To do | Begin at the line below that holds "Transit-Oriented Development (TOD)" and end at the line that holds "Figure 1: Construction of Brick-Mud Cocks", transcribing each line exactly and skipping any picture.

Study material |

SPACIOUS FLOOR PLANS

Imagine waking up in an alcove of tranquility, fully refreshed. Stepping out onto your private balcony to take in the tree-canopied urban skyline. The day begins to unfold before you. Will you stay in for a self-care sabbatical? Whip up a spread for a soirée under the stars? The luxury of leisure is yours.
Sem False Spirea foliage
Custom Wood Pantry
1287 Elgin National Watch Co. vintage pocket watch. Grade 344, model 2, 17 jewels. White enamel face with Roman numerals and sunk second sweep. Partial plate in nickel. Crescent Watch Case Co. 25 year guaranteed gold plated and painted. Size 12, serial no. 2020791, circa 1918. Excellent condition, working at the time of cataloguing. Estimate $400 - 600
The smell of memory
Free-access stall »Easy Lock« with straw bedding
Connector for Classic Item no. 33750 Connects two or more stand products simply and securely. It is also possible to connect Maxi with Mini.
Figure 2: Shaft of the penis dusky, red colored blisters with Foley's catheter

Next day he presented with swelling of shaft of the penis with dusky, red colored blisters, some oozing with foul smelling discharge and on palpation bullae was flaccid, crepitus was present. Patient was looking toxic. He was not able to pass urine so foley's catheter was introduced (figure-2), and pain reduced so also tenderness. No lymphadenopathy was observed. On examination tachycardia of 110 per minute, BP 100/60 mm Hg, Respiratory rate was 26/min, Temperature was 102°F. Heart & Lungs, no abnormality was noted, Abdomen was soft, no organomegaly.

==

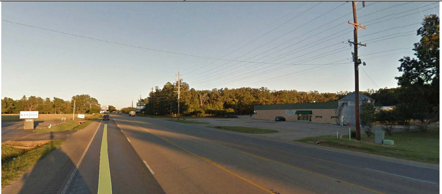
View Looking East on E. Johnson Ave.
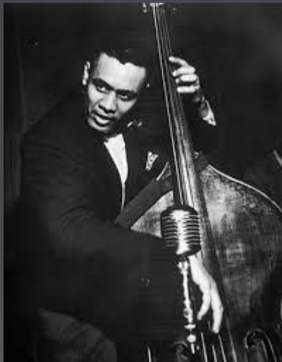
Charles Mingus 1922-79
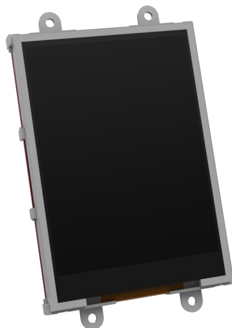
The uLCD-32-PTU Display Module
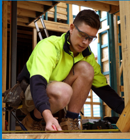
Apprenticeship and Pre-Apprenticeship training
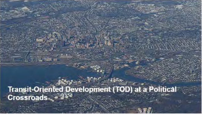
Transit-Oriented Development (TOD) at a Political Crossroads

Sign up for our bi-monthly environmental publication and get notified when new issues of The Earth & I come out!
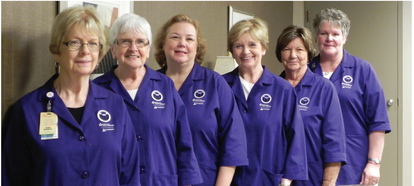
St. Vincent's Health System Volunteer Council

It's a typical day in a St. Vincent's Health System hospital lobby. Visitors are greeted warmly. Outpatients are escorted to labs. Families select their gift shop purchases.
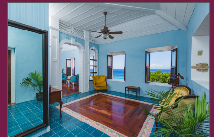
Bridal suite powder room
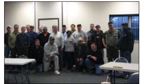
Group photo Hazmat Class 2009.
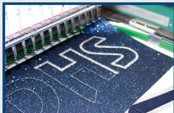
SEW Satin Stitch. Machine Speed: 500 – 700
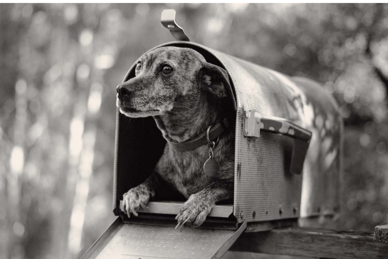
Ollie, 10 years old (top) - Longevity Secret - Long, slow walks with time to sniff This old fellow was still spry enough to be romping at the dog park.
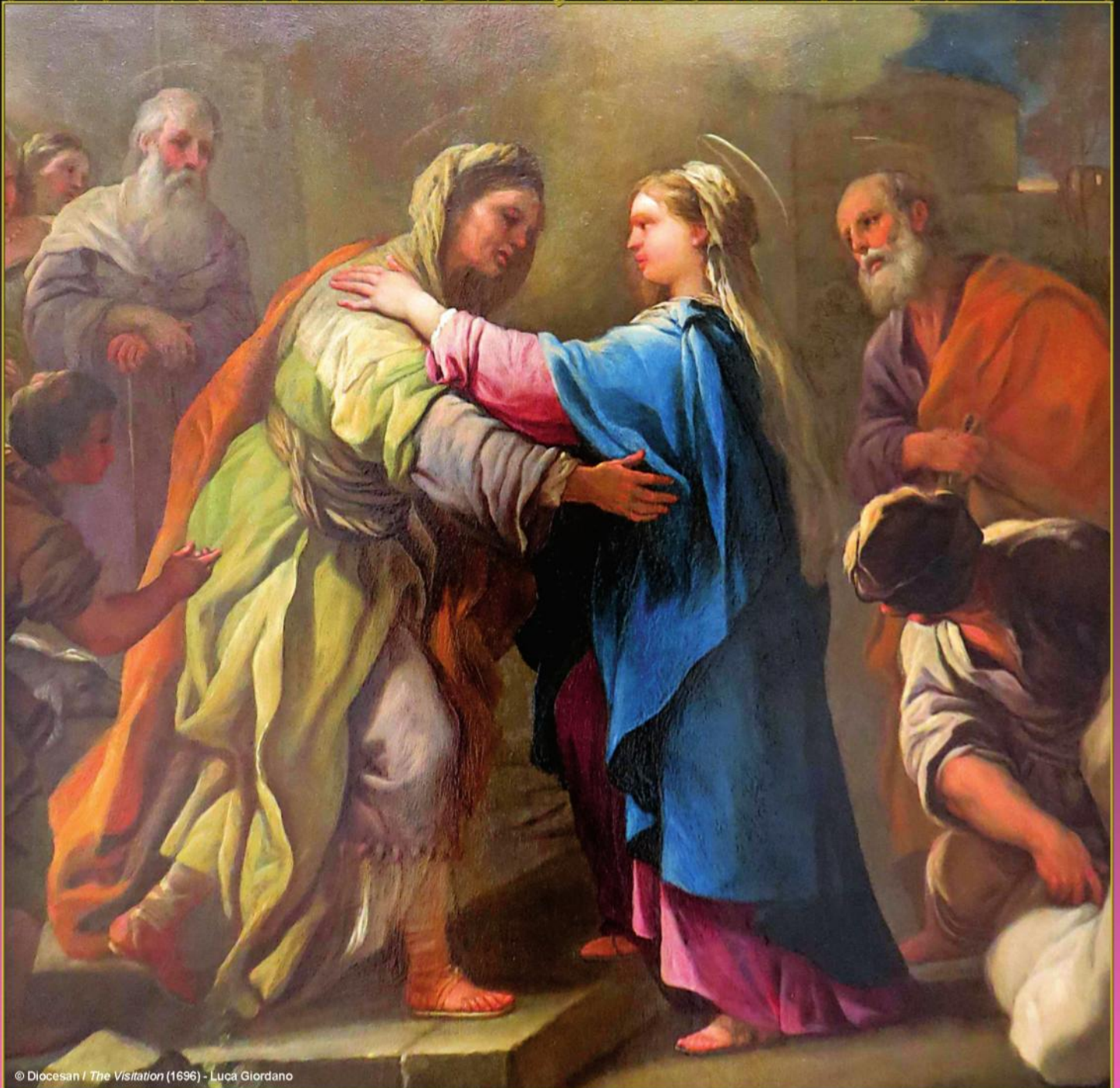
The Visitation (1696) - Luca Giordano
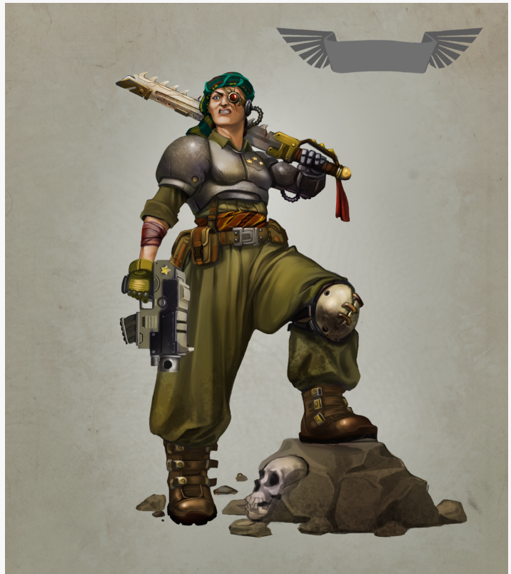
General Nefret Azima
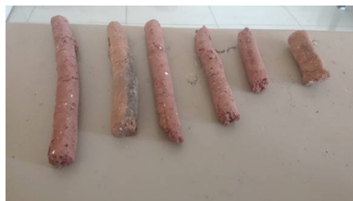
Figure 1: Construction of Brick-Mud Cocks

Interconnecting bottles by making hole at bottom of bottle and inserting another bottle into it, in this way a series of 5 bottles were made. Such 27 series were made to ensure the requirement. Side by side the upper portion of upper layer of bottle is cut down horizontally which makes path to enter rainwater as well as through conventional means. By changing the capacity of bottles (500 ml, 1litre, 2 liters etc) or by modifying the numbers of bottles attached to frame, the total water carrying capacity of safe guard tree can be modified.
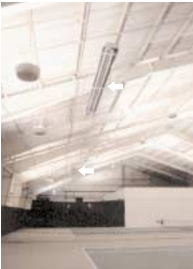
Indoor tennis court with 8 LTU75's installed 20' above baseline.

Finished exercise |
Transit-Oriented Development (TOD) at a Political Crossroads

Sign up for our bi-monthly environmental publication and get notified when new issues of The Earth & I come out!
St. Vincent's Health System Volunteer Council

It's a typical day in a St. Vincent's Health System hospital lobby. Visitors are greeted warmly. Outpatients are escorted to labs. Families select their gift shop purchases.
Bridal suite powder room
Group photo Hazmat Class 2009.
SEW Satin Stitch. Machine Speed: 500 – 700
Ollie, 10 years old (top) - Longevity Secret - Long, slow walks with time to sniff This old fellow was still spry enough to be romping at the dog park.
The Visitation (1696) - Luca Giordano
General Nefret Azima
Figure 1: Construction of Brick-Mud Cocks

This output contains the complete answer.